-- Exercise goal --
Copy every record below exactly, leaving out any pictures.

-- Record excerpts --

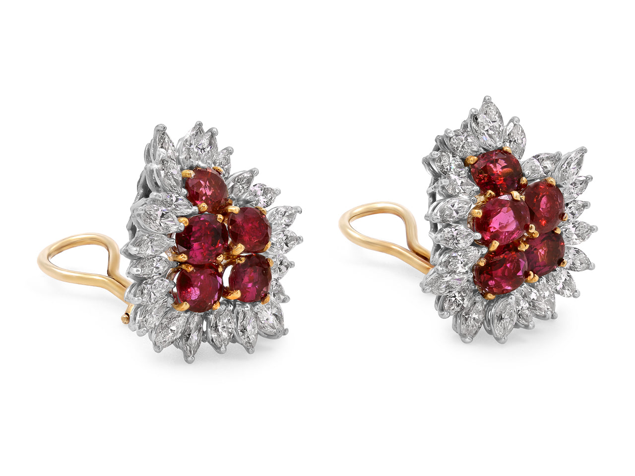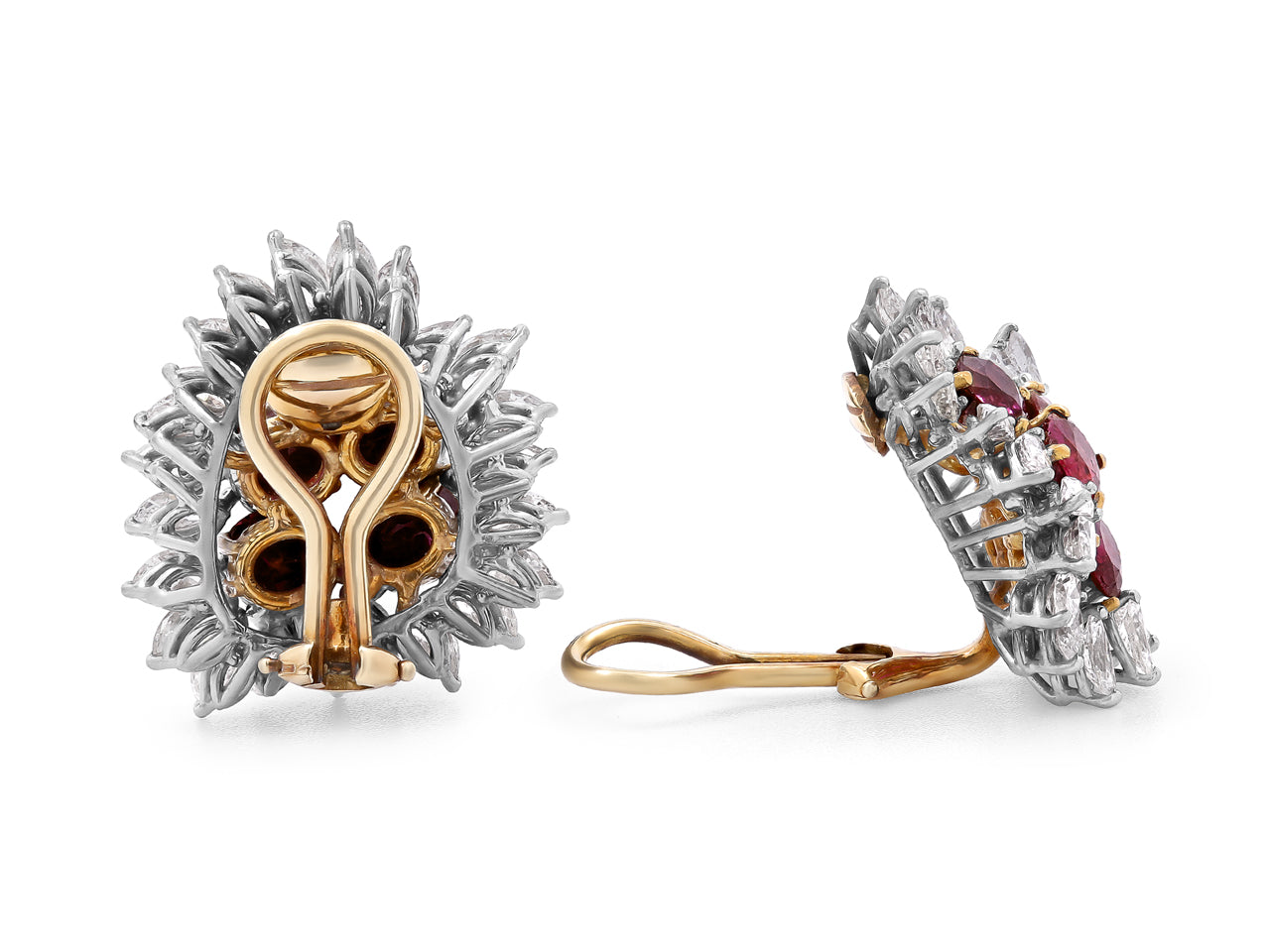 A gorgeous pair of earring clips with ten oval rubies prong-set in 18K yellow gold, surrounded by forty-six marquise cut diamonds, set in 18K white gold.
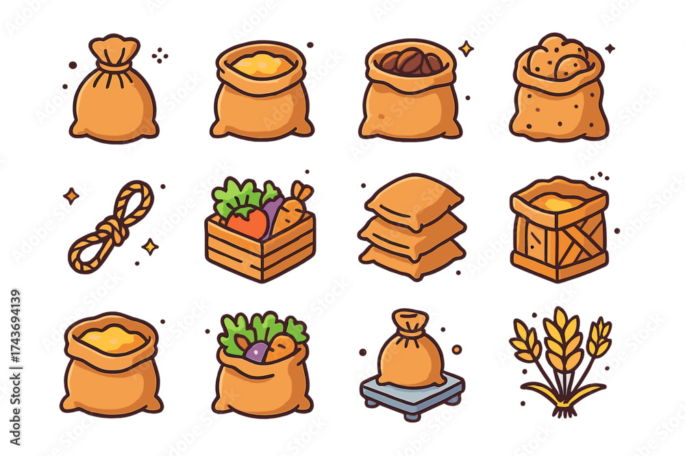 Colorful Burlap Sack Icons. Burlap sack. Colorful isometric vector icons set of burlap sack: tied burlap sack, grain bag, coffee bean sack, potato sack, wheat #1743694139
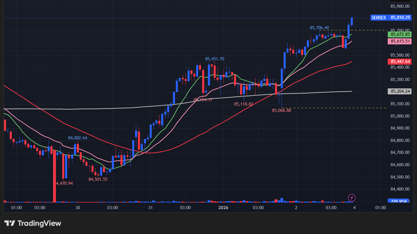 年初取引でセンセックスは0.67%高の85,762と過去最高値を更新しました。発電、銀行、自動車、金属株を中心に幅広い買いが入り、第3四半期決算への期待と安定した国内マクロ環境が投資心理を改善させました。NTPCやSBI、Bajaj Financeなどが上昇する一方、たばこ増税懸念からITCが急落し、FMCGセクターは軟調でした。週間では指数は約0.8%上昇しました。
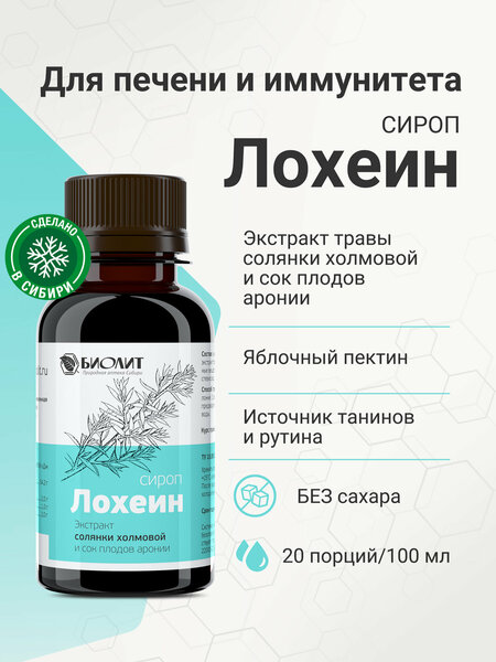 Лохеин сироп для печени и желчного пузыря от Биолит. Основное действие: Гепатопротекторное действие – защита и восстановление клеток печени Антиоксидантный эффект – нейтрализует токсины и свободные радикалы Желчегонное действие – профилактика застоя желчи Иммуномодулирующее – укрепляет защитные силы организма Детокс-эффект – очищение печени при отравлениях и интоксикациях Преимущества: Натуральный состав на основе солянки холмовой – мощного гепатопротектора Оптимизирует работу печени и поджелудочной железы Нормализует жировой обмен, помогает при повышенной нагрузке на печень Замедляет процессы старения за счет антиоксидантов Подходит для профилактики и комплексной терапии Действующие вещества: Экстракт солянки холмовой и сок плодов аронии обладают гепатозащитным, антиоксидантным и иммуномодулирующим действием. Особенности препарата: 1 упаковка на 7 дней. Вкусно и полезно. 100% натурально Натуральный и безопасный состав Комплексное действие на печень и желчевыводящие пути Удобная форма приема Подходит взрослым и детям старше 14 лет. Без ГМО и искусственных добавок. Совместим с лекарственными средствами. Способ употребления: взрослым принимать по 1 чайной ложке (5 мл), предварительно растворив в ½-1 стакане воды, 3 раза в день во время еды. Возможно выпадение осадка, перед употреблением взбалтывать. Перед применением рекомендуется проконсультироваться с врачом. Продолжительность приема: 3-4 недели. Состав: Концентрат плодово-ягодный (яблочный), вода, концентрированный сок плодов аронии черноплодной (Aronia melanocarpa L.), экстракт концентрированный травы солянки холмовой (Salsola collina Pall.) лимонная кислота, сорбат калия, бензоат натрия. Противопоказания: Индивидуальная непереносимость компонентов, беременность и кормление грудью. Форма выпуска: Флакон темного цвета 100 мл Почему выбирают "Лохеин" от Биолит? Натуральный и безопасный состав Комплексное действие на печень и желчевыводящие пути Доказанная эффективность Удобная форма приема
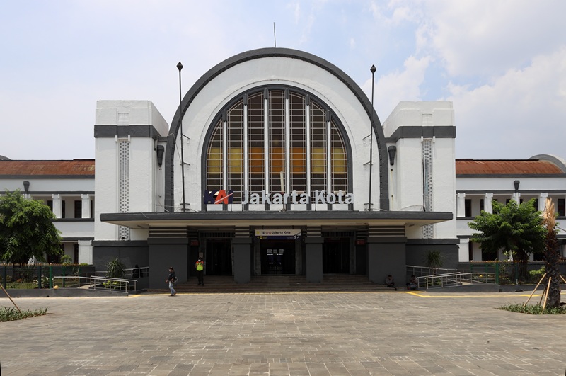 De hoofdentree van het treinstation in het oude stadsdeel van Jakarta (Kota Tua). Architect: Frans Ghijsels. Geopend: 1929.
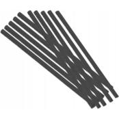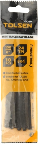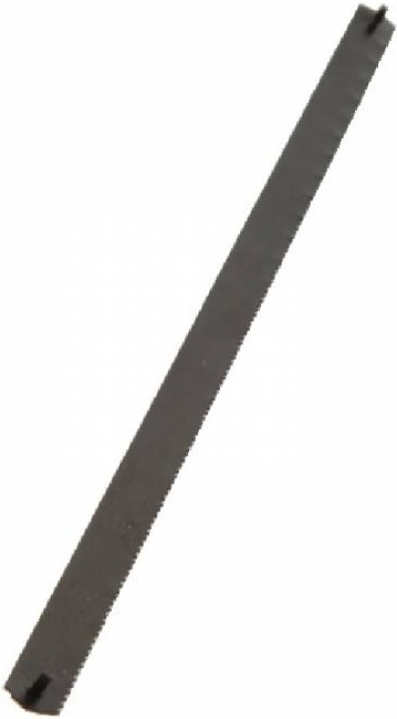 В комплект входят 10 запасных режущих полотен длиной 150 мм, предназначенных для мининожовки. С помощью этих сменных элементов можно выполнить распил цветных и нетвердых металлов, пластика. Полотно 24 TPI представляет собой узкую металлическую полоску, на одном краю которой располагаются острые зубцы. На каждом торце предусмотрено по отверстию для фиксации изделия в мининожовке. Режущий инструмент изготовлен из инструментальной стали SK4. Материал обладает высокой прочностью и не нуждается в частой заточке. Мелкие зубцы позволяют выполнить точный и аккуратный пропил материала.
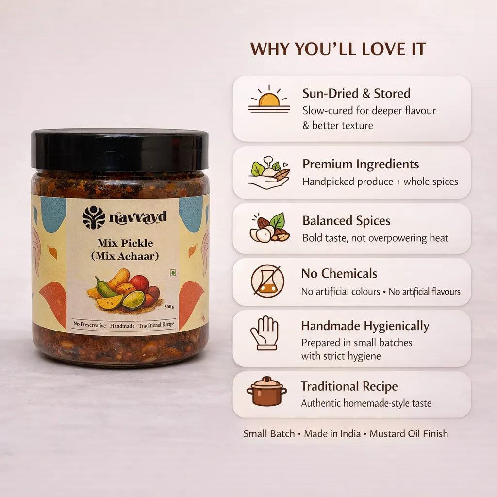 Why choose one when you can have it all? Our Mixed Achaar is a delicious blend of hand-cut vegetables and fruits like raw mango, carrot, lemon, green chillies, ginger, and more — all tossed in a bold mix of home-roasted Indian spices and aged in mustard oil.
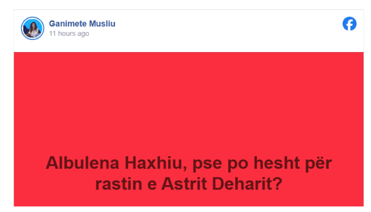 “Albulena Haxhiu, pse po hesht për rastin e Astrit Deharit”, ka shkruar ajo.
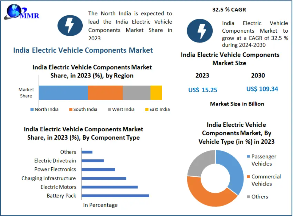 The India Electric Vehicle Components Market, valued at USD 15.25 billion in 2023, is on an exceptional growth trajectory, projected to reach USD 109.34 billion by 2030, expanding at a CAGR of 32.5%. Fueled by technological innovation, rising environmental consciousness, and strong governmental support, the market is transforming India's automotive landscape and catalyzing the shift toward clean mobility.
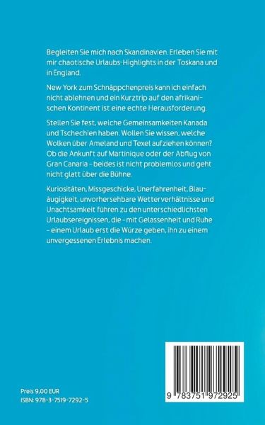 Begleiten Sie mich nach Skandinavien. Erleben Sie mit mir chaotische Urlaubs-Highlights in der Toskana und in England. New York zum Schnäppchenpreis kann ich einfach nicht ablehnen und ein Kurztrip auf den afrikanischen Kontinent ist eine echte Herausforderung.Stellen Sie fest, welche Gemeinsamkeiten Kanada und Tschechien haben. Wollen Sie wissen, welche Wolken über Ameland und Texel aufziehen können? Ob die Ankunft auf Martinique oder der Abflug von Gran Canaria, beides ist nicht problemlos und geht nicht glatt über die Bühne.Kuriositäten, Missgeschicke, Unerfahrenheit, Blauäugigkeit, unvorhersehbare Wetterverhältnisse und Unachtsamkeit führen zu den unterschiedlichsten Urlaubsereignissen, die mit Gelassenheit und Ruhe einem Urlaub erst die Würze geben und ihn zu einem unvergessenen Erlebnis machen.
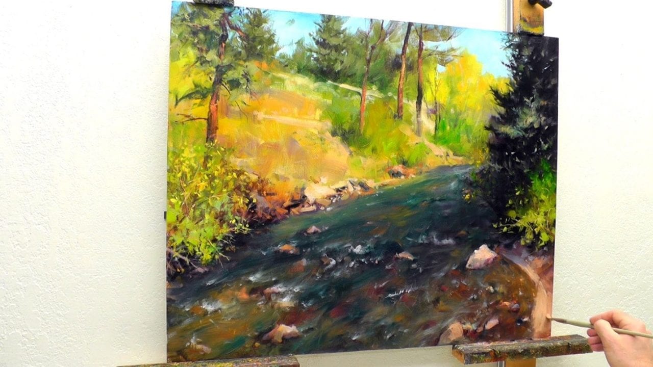 The river paint strokes I applied with a large size 10 or 12 hog bristle brush. With long sweeping strokes I alternated lighter and darker colors to simulate rushing water over a rocky bed.

-- Answer for the task --
 A gorgeous pair of earring clips with ten oval rubies prong-set in 18K yellow gold, surrounded by forty-six marquise cut diamonds, set in 18K white gold.
 Colorful Burlap Sack Icons. Burlap sack. Colorful isometric vector icons set of burlap sack: tied burlap sack, grain bag, coffee bean sack, potato sack, wheat #1743694139
 年初取引でセンセックスは0.67%高の85,762と過去最高値を更新しました。発電、銀行、自動車、金属株を中心に幅広い買いが入り、第3四半期決算への期待と安定した国内マクロ環境が投資心理を改善させました。NTPCやSBI、Bajaj Financeなどが上昇する一方、たばこ増税懸念からITCが急落し、FMCGセクターは軟調でした。週間では指数は約0.8%上昇しました。
 Лохеин сироп для печени и желчного пузыря от Биолит. Основное действие: Гепатопротекторное действие – защита и восстановление клеток печени Антиоксидантный эффект – нейтрализует токсины и свободные радикалы Желчегонное действие – профилактика застоя желчи Иммуномодулирующее – укрепляет защитные силы организма Детокс-эффект – очищение печени при отравлениях и интоксикациях Преимущества: Натуральный состав на основе солянки холмовой – мощного гепатопротектора Оптимизирует работу печени и поджелудочной железы Нормализует жировой обмен, помогает при повышенной нагрузке на печень Замедляет процессы старения за счет антиоксидантов Подходит для профилактики и комплексной терапии Действующие вещества: Экстракт солянки холмовой и сок плодов аронии обладают гепатозащитным, антиоксидантным и иммуномодулирующим действием. Особенности препарата: 1 упаковка на 7 дней. Вкусно и полезно. 100% натурально Натуральный и безопасный состав Комплексное действие на печень и желчевыводящие пути Удобная форма приема Подходит взрослым и детям старше 14 лет. Без ГМО и искусственных добавок. Совместим с лекарственными средствами. Способ употребления: взрослым принимать по 1 чайной ложке (5 мл), предварительно растворив в ½-1 стакане воды, 3 раза в день во время еды. Возможно выпадение осадка, перед употреблением взбалтывать. Перед применением рекомендуется проконсультироваться с врачом. Продолжительность приема: 3-4 недели. Состав: Концентрат плодово-ягодный (яблочный), вода, концентрированный сок плодов аронии черноплодной (Aronia melanocarpa L.), экстракт концентрированный травы солянки холмовой (Salsola collina Pall.) лимонная кислота, сорбат калия, бензоат натрия. Противопоказания: Индивидуальная непереносимость компонентов, беременность и кормление грудью. Форма выпуска: Флакон темного цвета 100 мл Почему выбирают "Лохеин" от Биолит? Натуральный и безопасный состав Комплексное действие на печень и желчевыводящие пути Доказанная эффективность Удобная форма приема
 De hoofdentree van het treinstation in het oude stadsdeel van Jakarta (Kota Tua). Architect: Frans Ghijsels. Geopend: 1929.
 В комплект входят 10 запасных режущих полотен длиной 150 мм, предназначенных для мининожовки. С помощью этих сменных элементов можно выполнить распил цветных и нетвердых металлов, пластика. Полотно 24 TPI представляет собой узкую металлическую полоску, на одном краю которой располагаются острые зубцы. На каждом торце предусмотрено по отверстию для фиксации изделия в мининожовке. Режущий инструмент изготовлен из инструментальной стали SK4. Материал обладает высокой прочностью и не нуждается в частой заточке. Мелкие зубцы позволяют выполнить точный и аккуратный пропил материала.
 Why choose one when you can have it all? Our Mixed Achaar is a delicious blend of hand-cut vegetables and fruits like raw mango, carrot, lemon, green chillies, ginger, and more — all tossed in a bold mix of home-roasted Indian spices and aged in mustard oil.
 “Albulena Haxhiu, pse po hesht për rastin e Astrit Deharit”, ka shkruar ajo.
 The India Electric Vehicle Components Market, valued at USD 15.25 billion in 2023, is on an exceptional growth trajectory, projected to reach USD 109.34 billion by 2030, expanding at a CAGR of 32.5%. Fueled by technological innovation, rising environmental consciousness, and strong governmental support, the market is transforming India's automotive landscape and catalyzing the shift toward clean mobility.
 Begleiten Sie mich nach Skandinavien. Erleben Sie mit mir chaotische Urlaubs-Highlights in der Toskana und in England. New York zum Schnäppchenpreis kann ich einfach nicht ablehnen und ein Kurztrip auf den afrikanischen Kontinent ist eine echte Herausforderung.Stellen Sie fest, welche Gemeinsamkeiten Kanada und Tschechien haben. Wollen Sie wissen, welche Wolken über Ameland und Texel aufziehen können? Ob die Ankunft auf Martinique oder der Abflug von Gran Canaria, beides ist nicht problemlos und geht nicht glatt über die Bühne.Kuriositäten, Missgeschicke, Unerfahrenheit, Blauäugigkeit, unvorhersehbare Wetterverhältnisse und Unachtsamkeit führen zu den unterschiedlichsten Urlaubsereignissen, die mit Gelassenheit und Ruhe einem Urlaub erst die Würze geben und ihn zu einem unvergessenen Erlebnis machen.
 The river paint strokes I applied with a large size 10 or 12 hog bristle brush. With long sweeping strokes I alternated lighter and darker colors to simulate rushing water over a rocky bed.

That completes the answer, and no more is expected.